* [Work request]
In the records below, begin at the line containing "01.11.2007 – Planting of bedding plants" and end at the line containing "Vice President Dr"; quote every line in that span exactly, including both boundary lines, and no others.

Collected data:
-=-=-=-=-
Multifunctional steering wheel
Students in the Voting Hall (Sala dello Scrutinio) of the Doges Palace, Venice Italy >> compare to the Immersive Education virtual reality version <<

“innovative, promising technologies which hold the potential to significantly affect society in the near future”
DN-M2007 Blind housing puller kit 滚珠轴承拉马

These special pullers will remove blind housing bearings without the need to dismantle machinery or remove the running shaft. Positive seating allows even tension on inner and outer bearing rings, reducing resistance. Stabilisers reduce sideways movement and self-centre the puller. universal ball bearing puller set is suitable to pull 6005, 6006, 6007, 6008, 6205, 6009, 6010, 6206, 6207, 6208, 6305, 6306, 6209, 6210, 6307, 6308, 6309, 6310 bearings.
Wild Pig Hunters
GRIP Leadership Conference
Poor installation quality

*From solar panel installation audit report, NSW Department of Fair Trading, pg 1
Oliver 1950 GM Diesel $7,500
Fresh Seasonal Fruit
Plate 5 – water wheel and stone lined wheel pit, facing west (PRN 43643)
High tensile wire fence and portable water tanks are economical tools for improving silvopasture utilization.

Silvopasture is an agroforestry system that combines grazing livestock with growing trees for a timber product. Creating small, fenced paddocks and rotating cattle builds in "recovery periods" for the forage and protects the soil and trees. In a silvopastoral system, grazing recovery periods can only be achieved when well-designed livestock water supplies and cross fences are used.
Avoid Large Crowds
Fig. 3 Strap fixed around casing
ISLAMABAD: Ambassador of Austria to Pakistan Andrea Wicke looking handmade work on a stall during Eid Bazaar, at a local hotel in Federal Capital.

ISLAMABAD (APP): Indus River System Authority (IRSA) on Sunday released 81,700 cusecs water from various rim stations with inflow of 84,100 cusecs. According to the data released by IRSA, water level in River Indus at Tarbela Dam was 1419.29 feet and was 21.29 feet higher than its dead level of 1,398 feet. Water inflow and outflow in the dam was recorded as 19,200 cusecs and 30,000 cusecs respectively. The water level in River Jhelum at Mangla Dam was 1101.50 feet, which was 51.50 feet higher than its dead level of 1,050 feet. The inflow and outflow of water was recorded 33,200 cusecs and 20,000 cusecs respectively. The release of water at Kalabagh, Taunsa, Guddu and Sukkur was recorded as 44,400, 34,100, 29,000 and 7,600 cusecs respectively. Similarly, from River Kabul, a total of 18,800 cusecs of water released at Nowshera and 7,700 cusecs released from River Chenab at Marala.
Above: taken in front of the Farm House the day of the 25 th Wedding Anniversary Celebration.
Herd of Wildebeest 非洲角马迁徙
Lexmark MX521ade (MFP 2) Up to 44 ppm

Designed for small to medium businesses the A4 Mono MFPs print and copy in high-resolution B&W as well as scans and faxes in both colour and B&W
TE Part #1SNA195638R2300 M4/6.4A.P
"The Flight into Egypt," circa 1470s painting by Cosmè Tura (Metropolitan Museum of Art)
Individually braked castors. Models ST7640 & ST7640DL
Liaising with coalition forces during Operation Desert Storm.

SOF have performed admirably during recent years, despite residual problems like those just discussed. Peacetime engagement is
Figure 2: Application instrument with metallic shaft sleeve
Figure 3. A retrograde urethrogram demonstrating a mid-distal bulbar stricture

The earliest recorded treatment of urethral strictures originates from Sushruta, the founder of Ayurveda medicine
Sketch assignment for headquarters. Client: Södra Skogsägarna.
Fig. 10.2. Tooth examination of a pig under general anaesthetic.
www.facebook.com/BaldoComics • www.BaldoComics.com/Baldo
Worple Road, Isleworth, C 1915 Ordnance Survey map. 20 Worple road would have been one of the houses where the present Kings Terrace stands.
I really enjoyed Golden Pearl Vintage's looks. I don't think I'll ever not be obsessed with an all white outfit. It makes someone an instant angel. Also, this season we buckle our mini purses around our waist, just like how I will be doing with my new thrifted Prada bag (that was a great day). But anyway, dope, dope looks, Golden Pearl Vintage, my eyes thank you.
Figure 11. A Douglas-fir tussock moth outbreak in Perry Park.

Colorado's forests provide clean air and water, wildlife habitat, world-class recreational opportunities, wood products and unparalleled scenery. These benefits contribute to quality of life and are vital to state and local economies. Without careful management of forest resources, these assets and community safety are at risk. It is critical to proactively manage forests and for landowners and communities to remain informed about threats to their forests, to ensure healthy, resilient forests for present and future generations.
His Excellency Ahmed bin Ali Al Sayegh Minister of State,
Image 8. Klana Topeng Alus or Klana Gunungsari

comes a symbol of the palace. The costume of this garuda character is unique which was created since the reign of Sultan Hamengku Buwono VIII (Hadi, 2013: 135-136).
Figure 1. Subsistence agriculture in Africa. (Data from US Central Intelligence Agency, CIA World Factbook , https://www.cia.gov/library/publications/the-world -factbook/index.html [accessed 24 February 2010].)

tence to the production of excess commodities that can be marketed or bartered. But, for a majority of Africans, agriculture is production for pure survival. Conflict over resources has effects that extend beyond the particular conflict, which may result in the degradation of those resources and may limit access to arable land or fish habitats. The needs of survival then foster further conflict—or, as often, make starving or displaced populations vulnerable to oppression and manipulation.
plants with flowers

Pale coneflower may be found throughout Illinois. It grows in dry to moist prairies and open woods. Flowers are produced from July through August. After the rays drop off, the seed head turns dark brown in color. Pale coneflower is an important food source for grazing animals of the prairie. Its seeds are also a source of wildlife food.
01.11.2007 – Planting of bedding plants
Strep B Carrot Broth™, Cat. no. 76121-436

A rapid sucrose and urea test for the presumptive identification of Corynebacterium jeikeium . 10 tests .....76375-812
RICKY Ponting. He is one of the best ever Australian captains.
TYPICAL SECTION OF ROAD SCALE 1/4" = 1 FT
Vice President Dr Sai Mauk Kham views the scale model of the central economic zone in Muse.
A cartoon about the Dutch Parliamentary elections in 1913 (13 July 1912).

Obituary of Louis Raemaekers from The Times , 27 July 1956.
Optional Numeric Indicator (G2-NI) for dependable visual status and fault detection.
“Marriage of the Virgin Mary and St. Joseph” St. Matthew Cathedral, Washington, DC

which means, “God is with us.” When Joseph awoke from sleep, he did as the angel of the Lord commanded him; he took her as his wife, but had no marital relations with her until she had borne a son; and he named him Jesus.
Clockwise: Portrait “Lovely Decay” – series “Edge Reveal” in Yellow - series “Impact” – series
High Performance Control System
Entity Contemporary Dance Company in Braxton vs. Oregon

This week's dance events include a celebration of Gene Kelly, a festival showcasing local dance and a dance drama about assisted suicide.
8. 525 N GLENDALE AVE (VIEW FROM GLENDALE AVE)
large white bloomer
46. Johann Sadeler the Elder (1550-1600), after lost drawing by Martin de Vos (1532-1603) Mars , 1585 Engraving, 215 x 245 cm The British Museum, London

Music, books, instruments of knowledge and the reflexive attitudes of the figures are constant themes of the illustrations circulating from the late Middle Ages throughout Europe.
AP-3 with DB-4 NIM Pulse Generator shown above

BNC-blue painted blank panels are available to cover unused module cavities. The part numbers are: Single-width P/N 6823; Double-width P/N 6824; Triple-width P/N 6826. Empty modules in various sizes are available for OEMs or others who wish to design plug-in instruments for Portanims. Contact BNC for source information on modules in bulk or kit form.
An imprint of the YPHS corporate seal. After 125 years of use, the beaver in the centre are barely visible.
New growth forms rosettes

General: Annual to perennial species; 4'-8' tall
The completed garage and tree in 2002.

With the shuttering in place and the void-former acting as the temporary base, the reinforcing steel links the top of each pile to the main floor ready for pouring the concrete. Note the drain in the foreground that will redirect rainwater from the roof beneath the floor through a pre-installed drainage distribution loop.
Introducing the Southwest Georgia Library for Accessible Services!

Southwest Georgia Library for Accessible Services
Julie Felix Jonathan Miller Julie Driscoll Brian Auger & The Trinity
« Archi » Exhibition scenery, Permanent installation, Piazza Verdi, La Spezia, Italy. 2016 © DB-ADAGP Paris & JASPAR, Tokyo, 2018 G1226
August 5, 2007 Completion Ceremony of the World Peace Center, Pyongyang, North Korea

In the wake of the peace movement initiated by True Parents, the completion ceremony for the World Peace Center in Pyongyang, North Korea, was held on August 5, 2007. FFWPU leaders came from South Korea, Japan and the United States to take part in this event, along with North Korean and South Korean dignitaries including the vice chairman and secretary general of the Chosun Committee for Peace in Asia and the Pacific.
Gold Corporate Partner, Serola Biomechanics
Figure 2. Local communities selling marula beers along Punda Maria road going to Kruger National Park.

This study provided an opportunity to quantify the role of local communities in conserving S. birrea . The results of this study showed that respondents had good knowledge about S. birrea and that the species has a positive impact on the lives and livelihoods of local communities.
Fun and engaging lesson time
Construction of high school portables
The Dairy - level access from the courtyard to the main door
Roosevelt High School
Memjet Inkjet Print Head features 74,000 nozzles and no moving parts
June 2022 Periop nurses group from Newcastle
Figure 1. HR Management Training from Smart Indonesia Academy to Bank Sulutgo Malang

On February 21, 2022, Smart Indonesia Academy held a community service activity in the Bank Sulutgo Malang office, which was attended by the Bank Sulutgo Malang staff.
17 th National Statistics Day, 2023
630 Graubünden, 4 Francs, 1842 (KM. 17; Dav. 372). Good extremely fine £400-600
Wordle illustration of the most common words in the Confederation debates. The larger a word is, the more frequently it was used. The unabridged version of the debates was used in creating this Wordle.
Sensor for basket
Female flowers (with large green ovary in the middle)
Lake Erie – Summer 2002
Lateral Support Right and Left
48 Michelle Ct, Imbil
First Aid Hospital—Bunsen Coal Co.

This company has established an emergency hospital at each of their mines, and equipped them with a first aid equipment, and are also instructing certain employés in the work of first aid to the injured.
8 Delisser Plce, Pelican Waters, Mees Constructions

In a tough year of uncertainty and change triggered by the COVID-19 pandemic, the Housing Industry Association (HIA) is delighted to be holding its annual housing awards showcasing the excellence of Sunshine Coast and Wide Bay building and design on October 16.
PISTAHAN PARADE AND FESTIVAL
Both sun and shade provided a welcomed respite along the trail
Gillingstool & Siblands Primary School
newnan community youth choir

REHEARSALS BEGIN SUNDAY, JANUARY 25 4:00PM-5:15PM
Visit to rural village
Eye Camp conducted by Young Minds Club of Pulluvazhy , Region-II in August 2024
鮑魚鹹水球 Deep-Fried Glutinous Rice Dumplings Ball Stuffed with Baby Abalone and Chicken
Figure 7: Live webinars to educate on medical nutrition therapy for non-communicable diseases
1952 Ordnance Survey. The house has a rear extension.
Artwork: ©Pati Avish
-=-=-=-=-
* [Answer box]
01.11.2007 – Planting of bedding plants
Strep B Carrot Broth™, Cat. no. 76121-436

A rapid sucrose and urea test for the presumptive identification of Corynebacterium jeikeium . 10 tests .....76375-812
RICKY Ponting. He is one of the best ever Australian captains.
TYPICAL SECTION OF ROAD SCALE 1/4" = 1 FT
Vice President Dr Sai Mauk Kham views the scale model of the central economic zone in Muse.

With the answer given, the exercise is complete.